> **Exercise**
Retype, word for word, each line between the lines holding "Bathrooms were designed" and "Trained by a", inclusive, and leave the rest of the data alone.

── Dataset extract ──

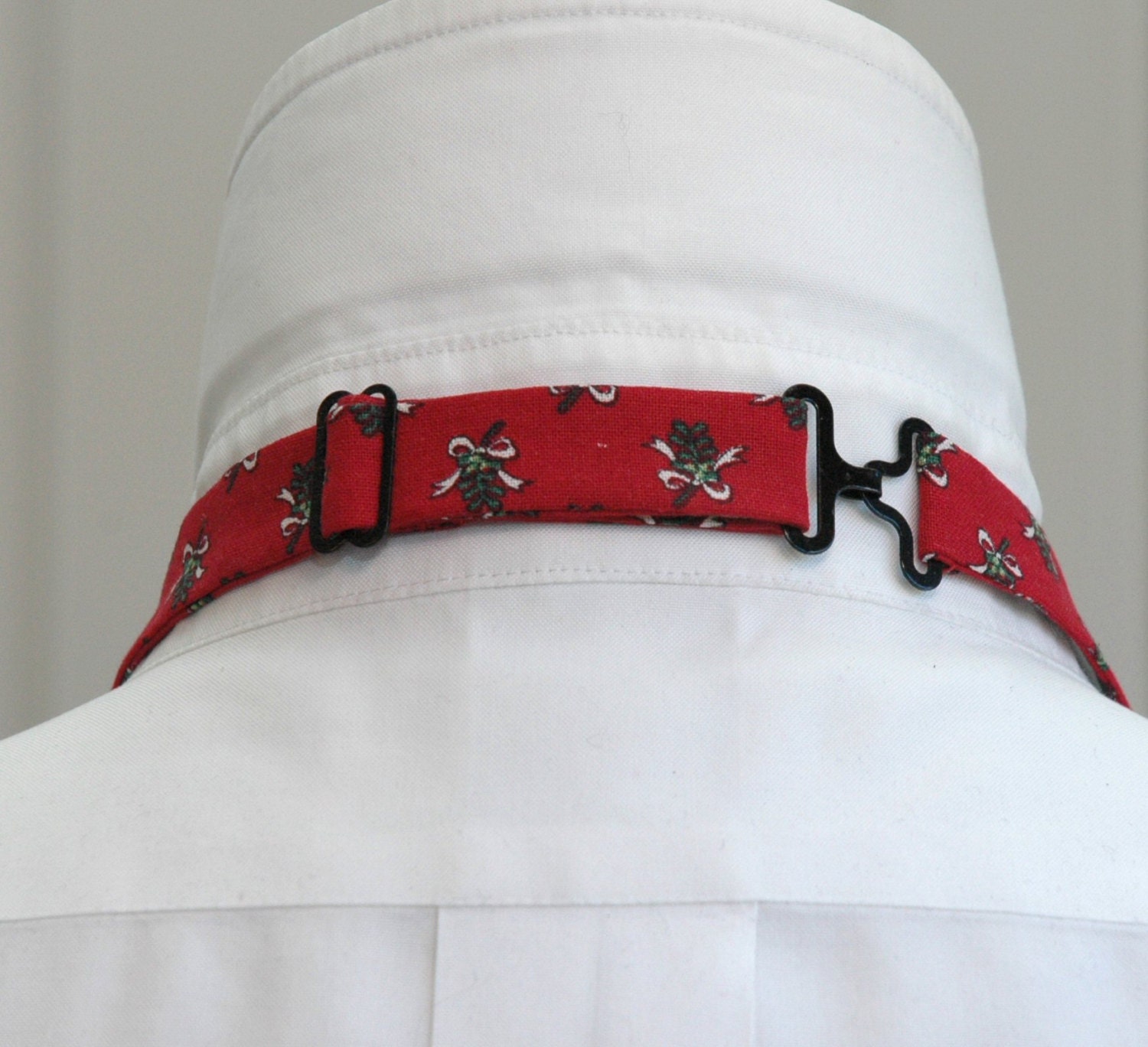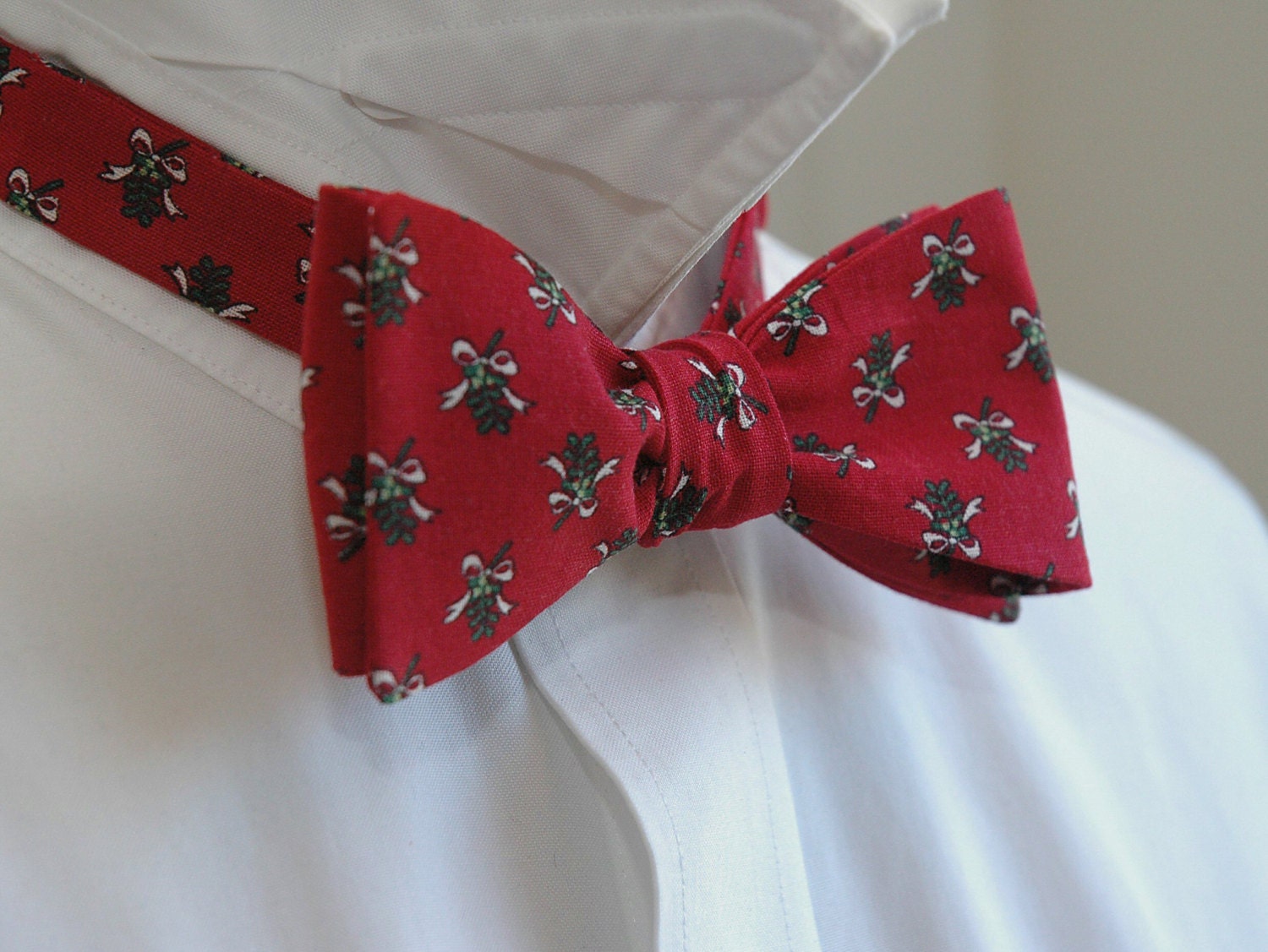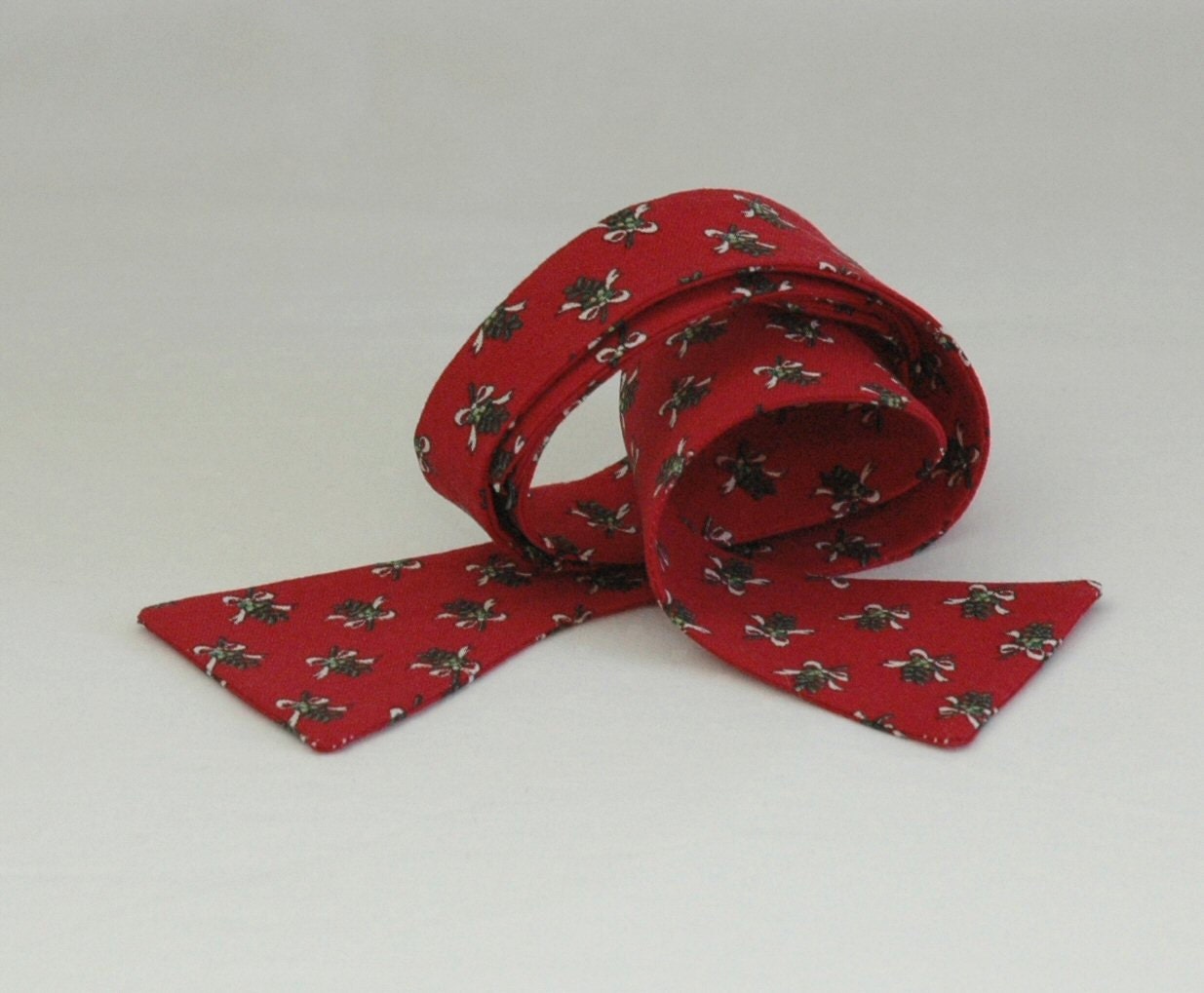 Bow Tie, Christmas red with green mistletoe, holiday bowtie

───
── Dataset extract ──

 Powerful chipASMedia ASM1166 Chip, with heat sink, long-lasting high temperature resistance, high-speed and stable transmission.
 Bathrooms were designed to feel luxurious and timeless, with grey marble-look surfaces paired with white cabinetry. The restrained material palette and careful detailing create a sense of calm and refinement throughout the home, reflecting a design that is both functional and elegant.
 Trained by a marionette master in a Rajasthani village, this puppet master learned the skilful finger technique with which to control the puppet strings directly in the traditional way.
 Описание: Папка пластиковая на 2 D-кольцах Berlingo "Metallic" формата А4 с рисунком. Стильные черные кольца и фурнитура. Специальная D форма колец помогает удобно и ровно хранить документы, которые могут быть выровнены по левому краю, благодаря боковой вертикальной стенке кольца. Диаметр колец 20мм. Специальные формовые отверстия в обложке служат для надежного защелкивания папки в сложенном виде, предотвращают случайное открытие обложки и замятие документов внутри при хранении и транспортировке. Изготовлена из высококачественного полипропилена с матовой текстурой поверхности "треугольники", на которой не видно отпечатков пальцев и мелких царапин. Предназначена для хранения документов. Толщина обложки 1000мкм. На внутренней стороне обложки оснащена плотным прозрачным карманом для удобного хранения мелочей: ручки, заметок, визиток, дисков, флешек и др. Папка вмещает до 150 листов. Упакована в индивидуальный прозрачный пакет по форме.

───

> **Written answer**
 Bathrooms were designed to feel luxurious and timeless, with grey marble-look surfaces paired with white cabinetry. The restrained material palette and careful detailing create a sense of calm and refinement throughout the home, reflecting a design that is both functional and elegant.
 Trained by a marionette master in a Rajasthani village, this puppet master learned the skilful finger technique with which to control the puppet strings directly in the traditional way.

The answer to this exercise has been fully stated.